Requirement
For this exercise, repeat exactly the lines below starting at the line holding "Brake System - 4R" and ending at the line holding "本场音乐会的选曲横跨三个世纪", both included, with no extra lines and no pictures.
Segment Start: Provided records
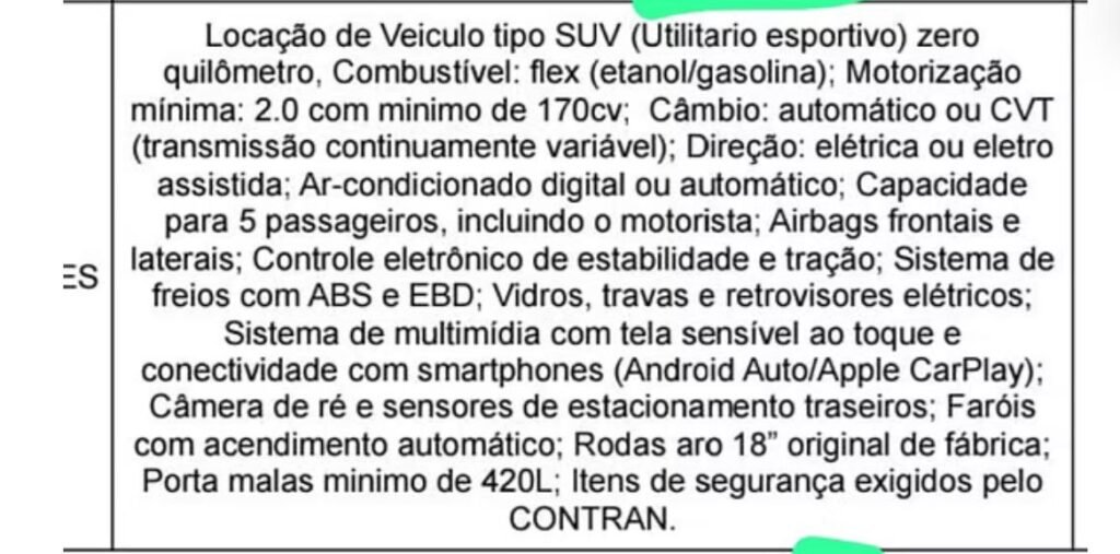 Enquanto famílias lutam pela continuidade dos tratamentos, um contraste gritante surge nos gastos públicos. Paralelamente à crise na saúde infantil, a Prefeitura de Cianorte aprovou recentemente uma licitação para o aluguel de veículos de luxo. Detalhes da licitação, acessíveis no site do portal, apontam para contratos de locação de carros premium – como SUVs e sedãs de alto padrão – avaliados em valores que poderiam suprir meses de repasses atrasados para clínicas como a Afective. Veja algumas exigências para os carros da licitação, que chegam a ser absurdas:
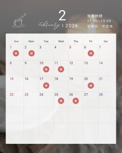2026/01/24 お知らせ 2月の定休日 ◆2月の定休日◆1(日)、2(月)、6(金)、10(火)、11(水)、17(火)、20(金)、25(水)、26(木) 体と心をととのえる時間を…。 ご予約お待ちしております。
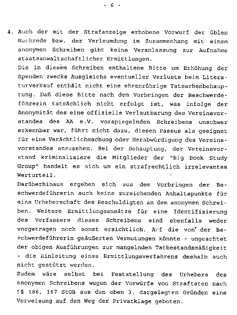 General Attorney of State refuses criminal investigation  against a German AA group and one individual member
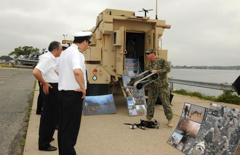| Keywords: PackBot transportable robotic system 120808-N-ZQ794-096.jpg  en Lt Ryan Blake attached to Explosive Ordnance Disposal Mobile Unit EODMU 2 displays a PackBot transportable robotic system to a members of the Chilean Naval War College during a tour of Navy Expeditionary Combat Command NECC at Joint Expeditionary Base Little Creek-Fort Story Aug 8 The purpose of the visit was to familiarize the tour participants with NECC capabilities and provide first-hand experience with expeditionary sailors and their equipment 2012-08-08 Seaman Kay Savarese https //www dvidshub net/image/642348 120808-N-ZQ794-096 2012-08-09 16 02 VIRGINIA BEACH VA US PD-USGov-Military-Navy Joint Expeditionary Base Little Creek-Fort Story PackBot Images from DoD uploaded by Fæ |
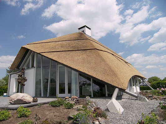 Het antwoord was een gedrapeerde rieten deken. Niet zonder gevolg; In 2009 ontvingen wij de architectuurprijs Amersfoort en is de woning, blijkens heel veel reacties in alle jaren, onbedoeld uitgegroeid tot een Amersfoort icoon.
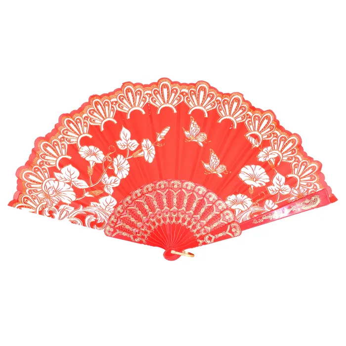 Веер Цветы, пластик+ткань, 23х42см, цвет красный VR021-02
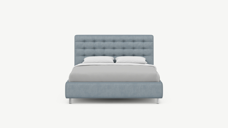 Оформите образ кровати, выбирая обивочный материал, который подчеркнет звучание Вашей спальни и отразит Ваш вкус. Обратите внимание на однотонный гладкий велюр, который усиливает объемную фактуру стежки.
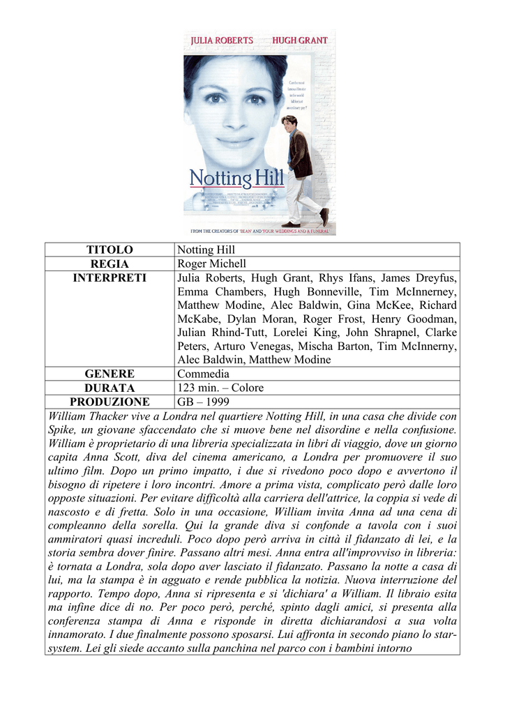 TITOLO Notting Hill REGIA Roger Michell INTERPRETI Julia
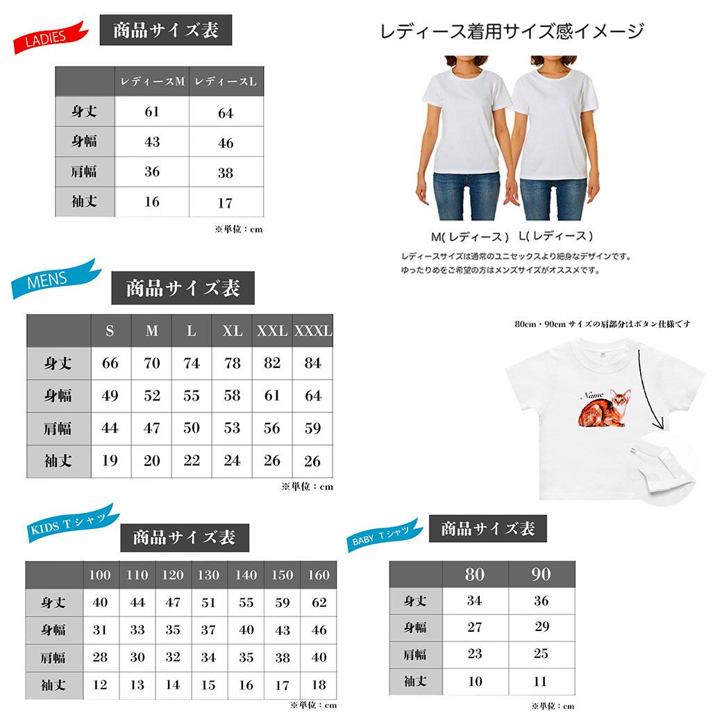 • Tシャツサイズ
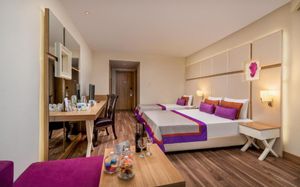 Красивый и современный отель для всех категорий гостей. Гости могут пользоваться территорией отеля Delphin Botanik Hotel & Resort (рестораны и бары у каждого отеля свои). Расположен в 90 км от аэропорта Антальи, в 34 км от Алании.
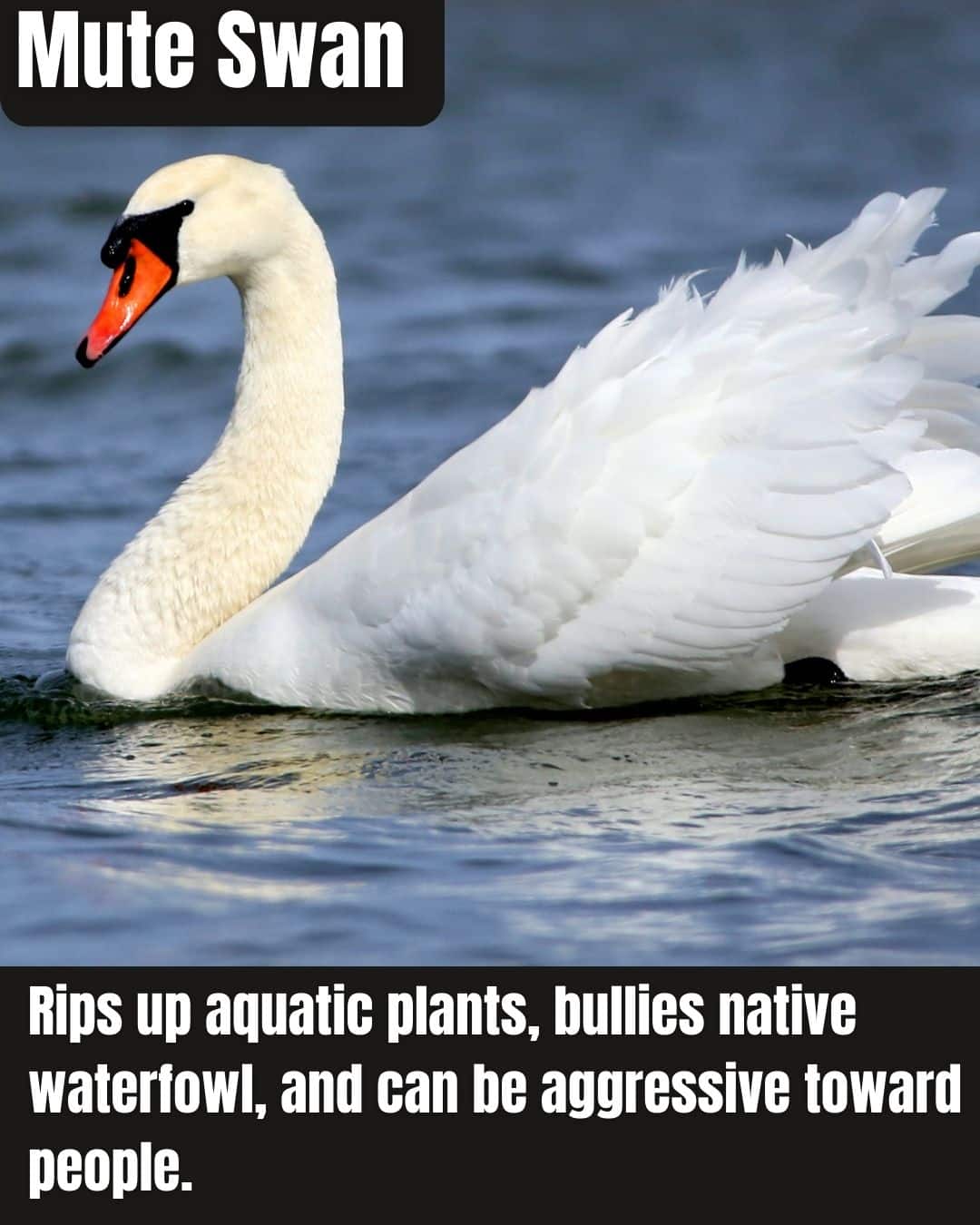 The mute swan is a European species that escaped captivity and now invades New Jersey waterways, where it aggressively displaces native ducks and other waterfowl.
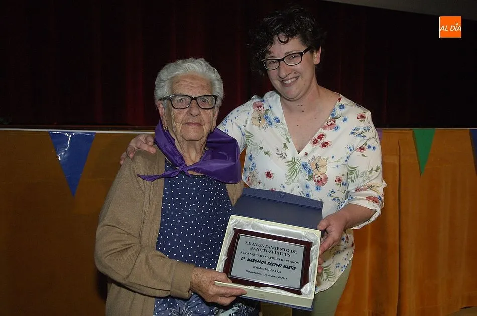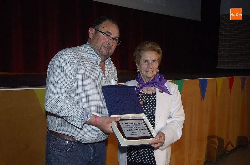 El acto, destinado a la presentación del programa festivo, tuvo dos homenajes. Por un lado, se entregaron placas a los 7 vecinos de la localidad que cumplen 90 años en este 2019: Ignacia García Sánchez, Josefa Moreno Sánchez, Matías Hernández Agudo, Anastasia Bernardos García, Margarita Márquez Martín, Ángela Rivas Martín y Agapito Benito Encinas (a varios de ellos se las recogieron familiares por no encontrarse en la localidad).
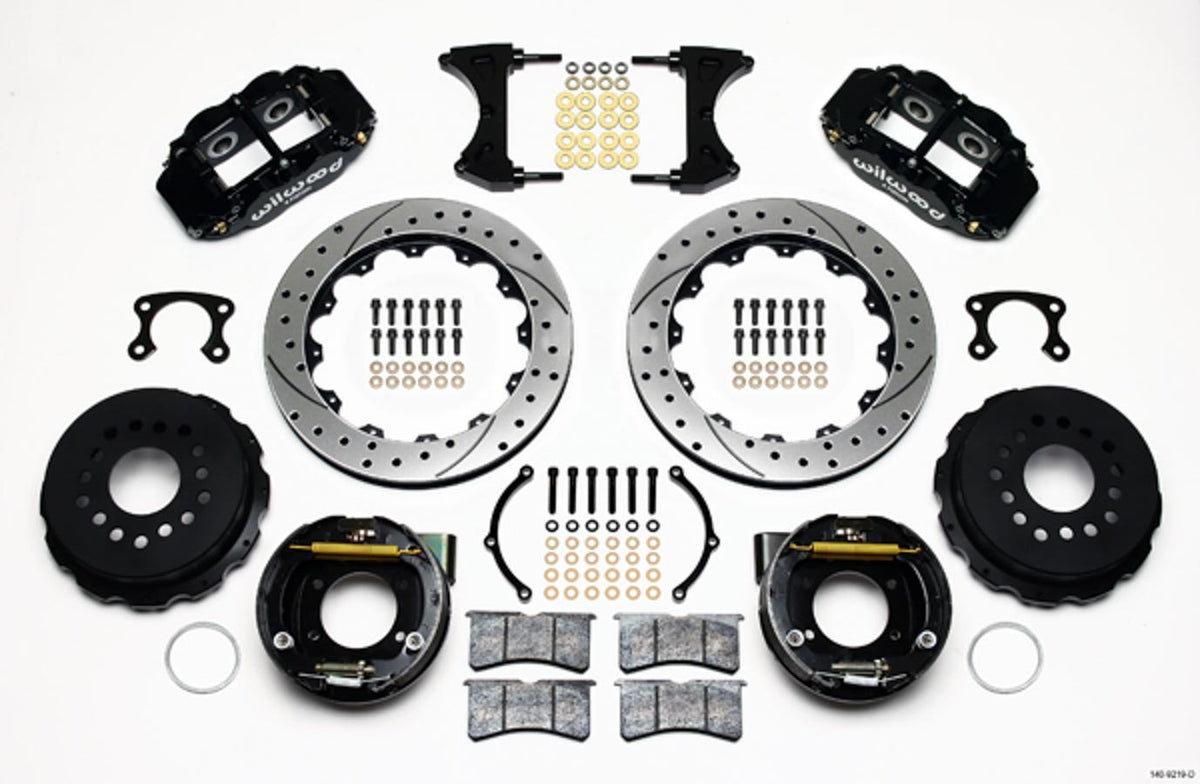 Brake System - 4R - Front - 4 Piston Caliper - 12.875 in Drilled / Slotted Iron Rotor - Offset - Aluminum - Black Powder Coat - Big Ford New Style - Kit
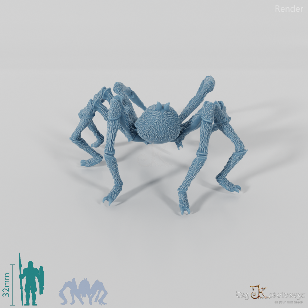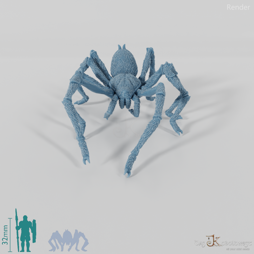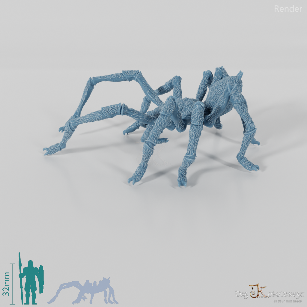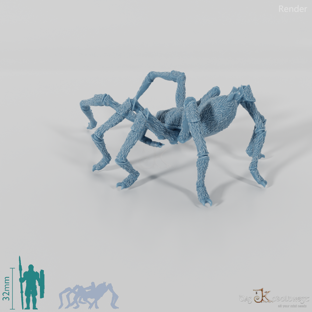 Riesenspinne mit haarigem Körper und Beinen. Modell passt knapp auf eine 40mm-Rundbase und bequem auf 50- und 60mm-Rundbases.
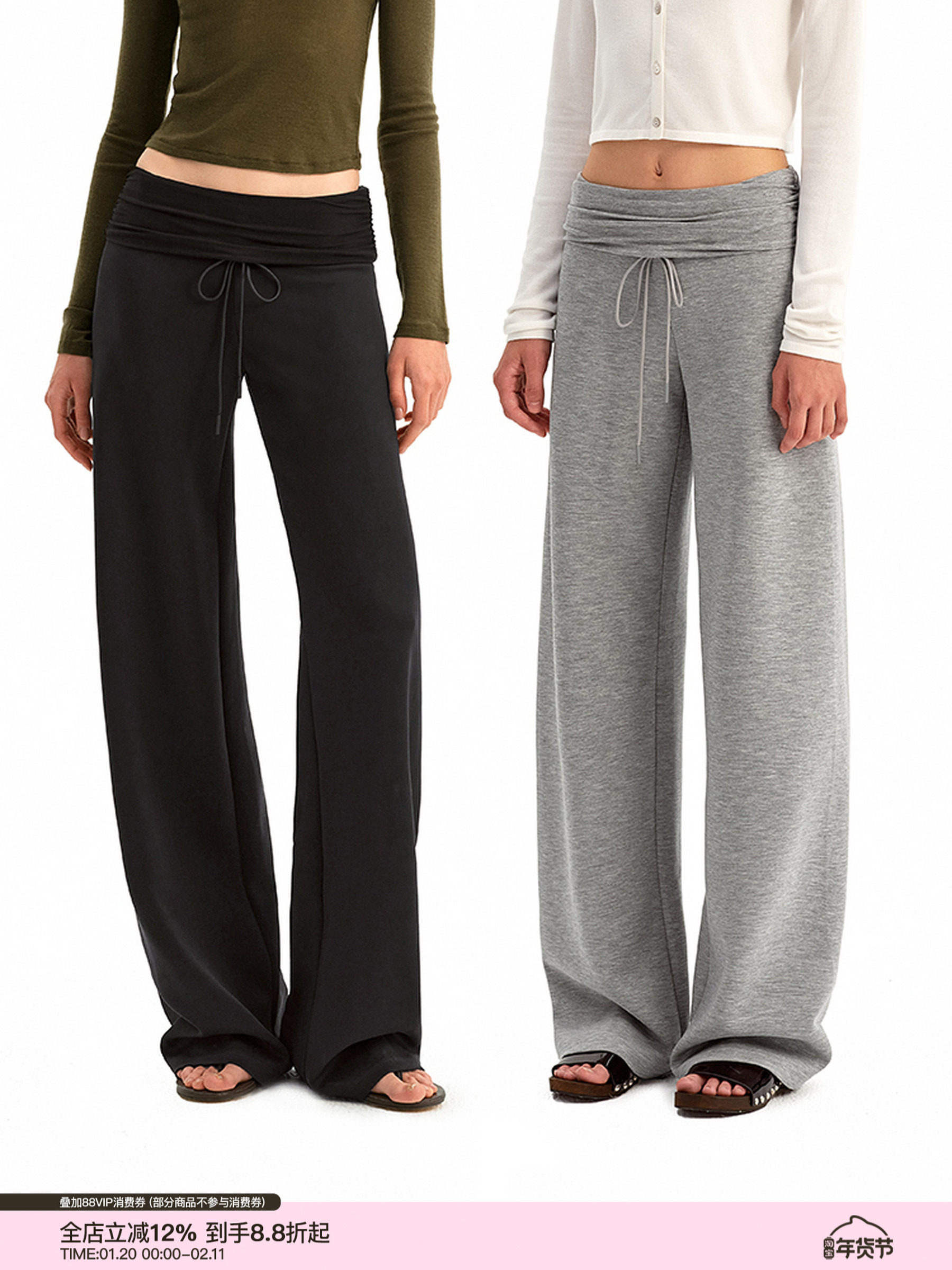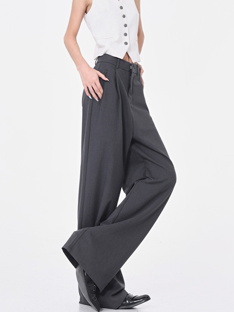 Ken Studio Summer Thin Gray Straight-Leg Suit Pants for Women, High-Waisted Casual Loose Drape Wide-Leg Pants
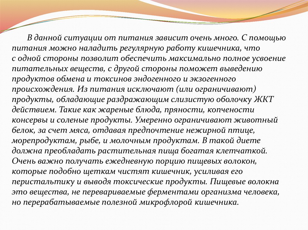 В данной ситуации от питания зависит очень много. С помощьюпитания можно наладить регулярную работу кишечника, что
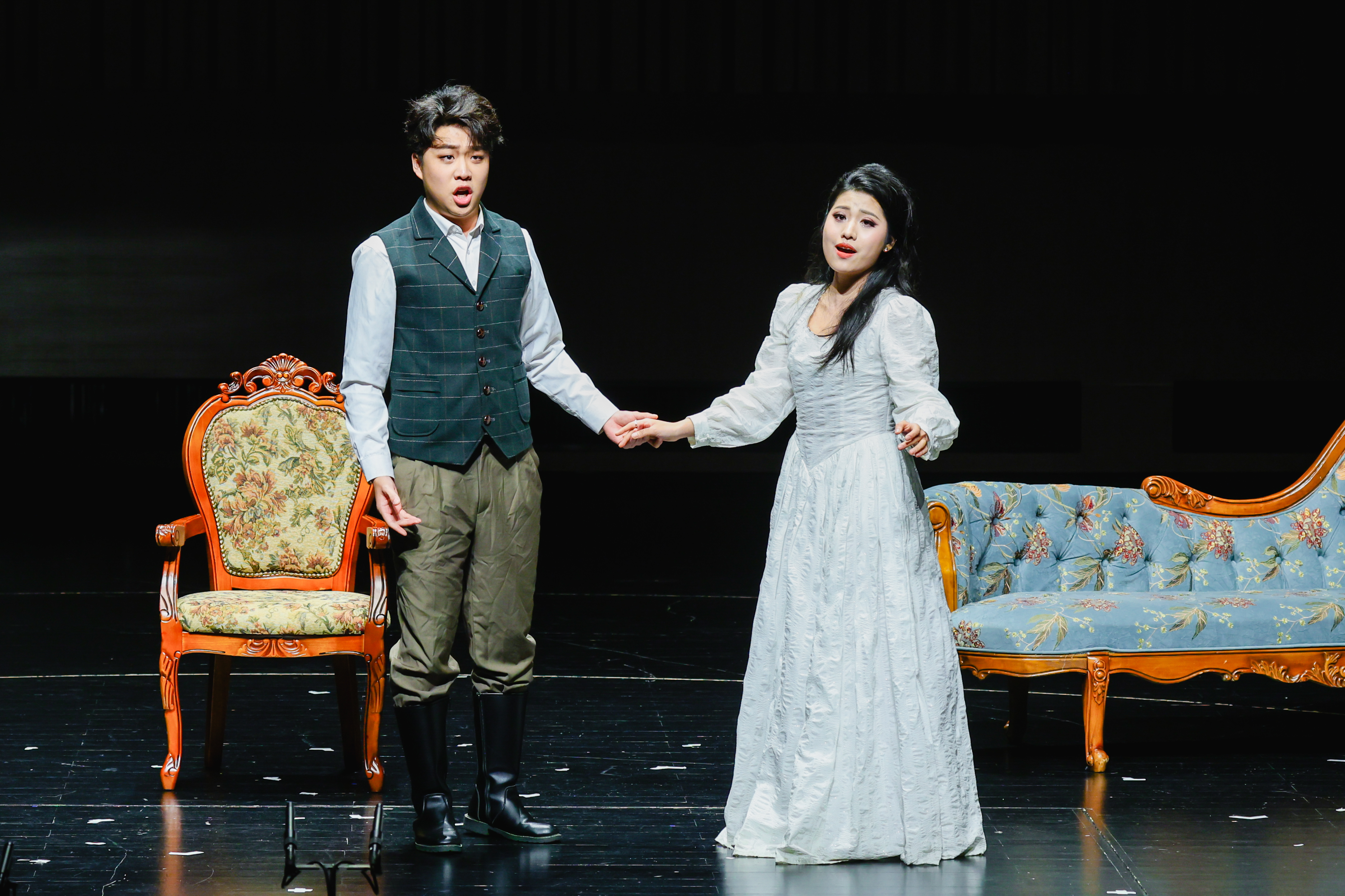 本场音乐会的选曲横跨三个世纪,既是向经典的致敬,亦是对学生能力的全面检验。学生们以扎实的唱功、细腻的情感诠释和默契的团队协作,将不同风格的作品演绎得淋漓尽致。在演唱莫扎特的经典唱段《帕吉诺,你已和我定了终身》中,学生们将角色间纯真的情感互动展现得活泼灵动,让人感受到莫扎特音乐中独有的天真烂漫与无忧无虑;面对威尔第作品时,舞台上的他们,每一个眼神、每一个动作都充满了强烈的戏剧表现力,让观众深刻体会到威尔第音乐中那震撼人心的戏剧力量;而在诠释普朗克等现代作曲家的作品时,他们用细腻的情感层次和独特的艺术表达,让观众感受到现代音乐的独特魅力。
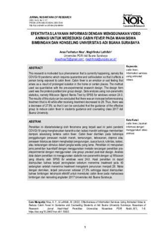 Anaa, Farihatun Nisa and Maghfirotul, Lathifah (2022) Efektivitas layanan informasi dengan menggunakan video animasi untuk mereduksi cabin fever pada mahasiswa bimbingan dan konseling Universitas Adi Buana Surabaya. Nusantara of Research: Jurnal Hasil-hasil Penelitian Universitas Nusantara PGRI Kediri, 9 (1): 1. pp. 1-7. ISSN 2579-3063
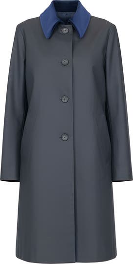 Alaine is a trim, button front coat made in a water resistant Italian canvas with a velvet collar. The coat is finished with interior thermal tape for further water resistance.
Segment End: Provided records
Solution to the problem
 Brake System - 4R - Front - 4 Piston Caliper - 12.875 in Drilled / Slotted Iron Rotor - Offset - Aluminum - Black Powder Coat - Big Ford New Style - Kit
 Riesenspinne mit haarigem Körper und Beinen. Modell passt knapp auf eine 40mm-Rundbase und bequem auf 50- und 60mm-Rundbases.
 Ken Studio Summer Thin Gray Straight-Leg Suit Pants for Women, High-Waisted Casual Loose Drape Wide-Leg Pants
 В данной ситуации от питания зависит очень много. С помощьюпитания можно наладить регулярную работу кишечника, что
 本场音乐会的选曲横跨三个世纪,既是向经典的致敬,亦是对学生能力的全面检验。学生们以扎实的唱功、细腻的情感诠释和默契的团队协作,将不同风格的作品演绎得淋漓尽致。在演唱莫扎特的经典唱段《帕吉诺,你已和我定了终身》中,学生们将角色间纯真的情感互动展现得活泼灵动,让人感受到莫扎特音乐中独有的天真烂漫与无忧无虑;面对威尔第作品时,舞台上的他们,每一个眼神、每一个动作都充满了强烈的戏剧表现力,让观众深刻体会到威尔第音乐中那震撼人心的戏剧力量;而在诠释普朗克等现代作曲家的作品时,他们用细腻的情感层次和独特的艺术表达,让观众感受到现代音乐的独特魅力。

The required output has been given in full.